● **WORK TASK**: Below are records with pictures; copy word for word only the lines between the line with "1970s ad in" and the line with "The ‘wellbeing check", inclusive, and drop the pictures.

● **PROVIDED ENTRIES**:
== Segment start ==
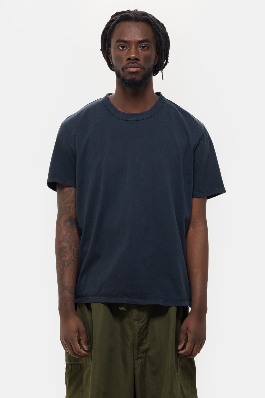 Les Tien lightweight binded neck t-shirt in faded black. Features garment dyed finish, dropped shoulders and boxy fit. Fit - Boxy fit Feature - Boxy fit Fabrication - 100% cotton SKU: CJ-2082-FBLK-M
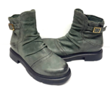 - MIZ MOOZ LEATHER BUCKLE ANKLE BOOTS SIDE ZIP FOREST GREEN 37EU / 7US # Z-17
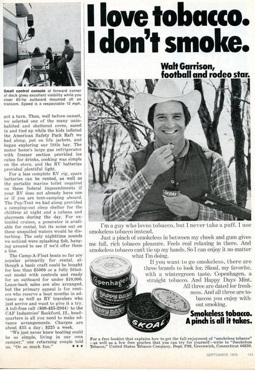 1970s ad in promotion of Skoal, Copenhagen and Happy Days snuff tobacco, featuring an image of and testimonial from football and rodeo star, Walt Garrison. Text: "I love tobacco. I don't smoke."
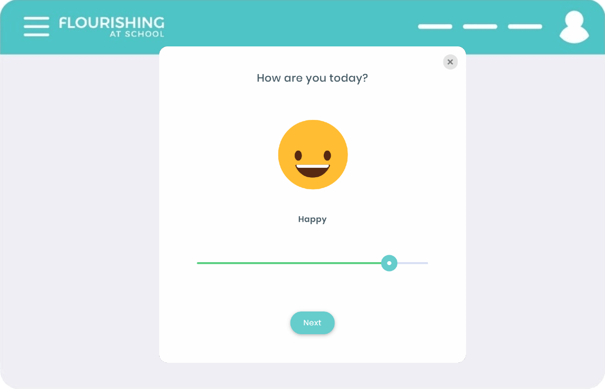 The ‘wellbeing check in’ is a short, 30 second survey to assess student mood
== Segment end ==
== Segment start ==
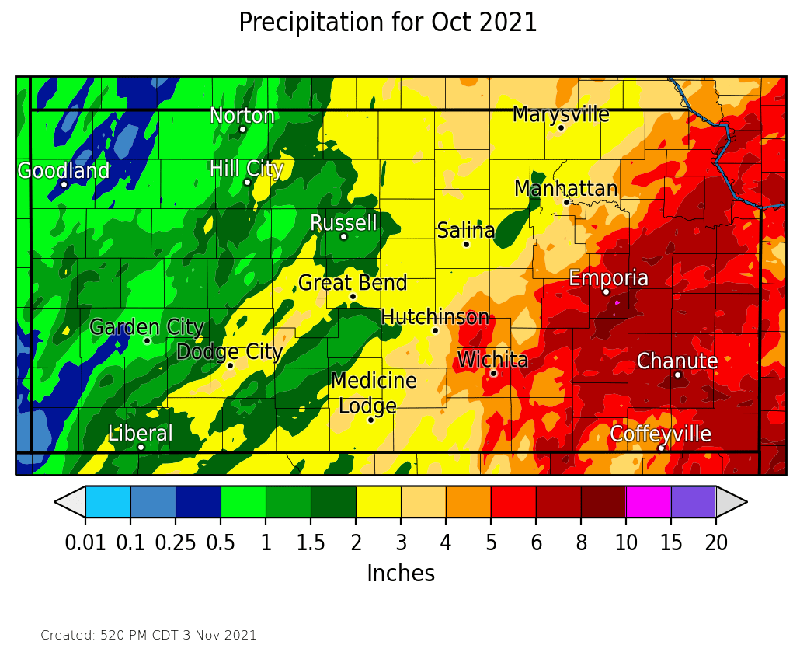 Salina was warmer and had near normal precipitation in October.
== Segment end ==
● **FINISHED TASK**:
 1970s ad in promotion of Skoal, Copenhagen and Happy Days snuff tobacco, featuring an image of and testimonial from football and rodeo star, Walt Garrison. Text: "I love tobacco. I don't smoke."
 The ‘wellbeing check in’ is a short, 30 second survey to assess student mood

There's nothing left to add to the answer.